I am more incline towards i9000 bcoz of Developers support. I am worried about the Flash Player(Can we install this on SGS?), NFC and Three-axis gyro sensor!! are this really needed???

Or else Can we expect a Price drop from SGS2 in Next 2 months??

I'll be visiting Bengaluru next week...Where Can i see the both this cell side by side??


----------



## desiibond (Jul 9, 2011)

SwiftLover said:


> I haven't seen both the Cell's yet...as they are available only on Orders. Based on your exp. kindly suggest me which one is better (SC-LCD or Super Amoled).



SC-LCD for text and ebook reading and S-AMOLED everything else.


SwiftLover said:


> I am more incline towards i9000 bcoz of Developers support. I am worried about the Flash Player(Can we install this on SGS?), NFC and Three-axis gyro sensor!! are this really needed???



NFC: meh. it will take ages to see NFC in use in India. 
3-axis: definitely useful in gaming and will be great fun to use.
Flash: battery sucking ****!



SwiftLover said:


> Or else Can we expect a Price drop from SGS2 in Next 2 months??



not much but there could be a price drop and the best place to buy is online using coupon codes. 


SwiftLover said:


> I'll be visiting Bengaluru next week...Where Can i see the both this cell side by side??



Check the mobile stores near and in forum mall.


----------



## SwiftLover (Jul 9, 2011)

desiibond said:


> SC-LCD for text and ebook reading and S-AMOLED everything else.
> 
> 
> NFC: meh. it will take ages to see NFC in use in India.
> ...



Thanks! will visit Forum Value mall...I guess..i9000 is the right choice


----------



## desiibond (Jul 9, 2011)

SwiftLover said:


> Thanks! will visit Forum Value mall...I guess..i9000 is the right choice



not the value mall. I meant the original one  There are lot of mobile shops around that area.


----------



## SwiftLover (Jul 9, 2011)

desiibond said:


> not the value mall.

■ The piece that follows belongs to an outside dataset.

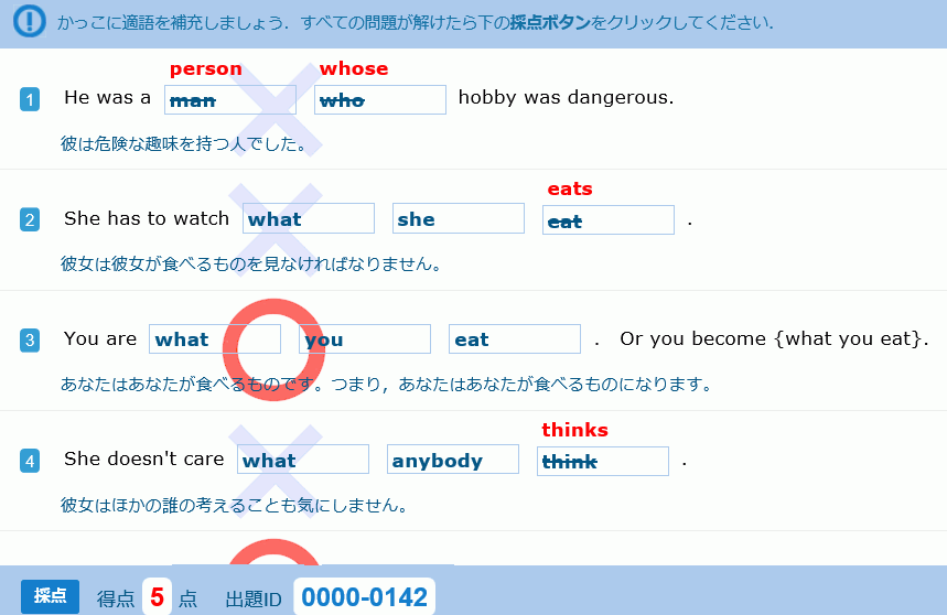「適語補充問題」の使用により、学習者のレベルや苦手な文法項目にきめ細かく対応することができます。

I meant the original one  There are lot of mobile shops around that area.



Oh..the one next to Bangalore Central?

I have read on some forum about the Super AMOLED Burn-in Issue and Short Life Span as compared to SC-LCD Display..Pls. Confirm if any one has faced this issue..as i a, planning to keep android phone for 3 Yrs atleast.


----------



## desiibond (Jul 9, 2011)

SwiftLover said:


> Oh..the one next to Bangalore Central?
> 
> I have read on some forum about the Super AMOLED Burn-in Issue and Short Life Span as compared to SC-LCD Display..Pls. Confirm if any one has faced this issue..as i a, planning to keep android phone for 3 Yrs atleast.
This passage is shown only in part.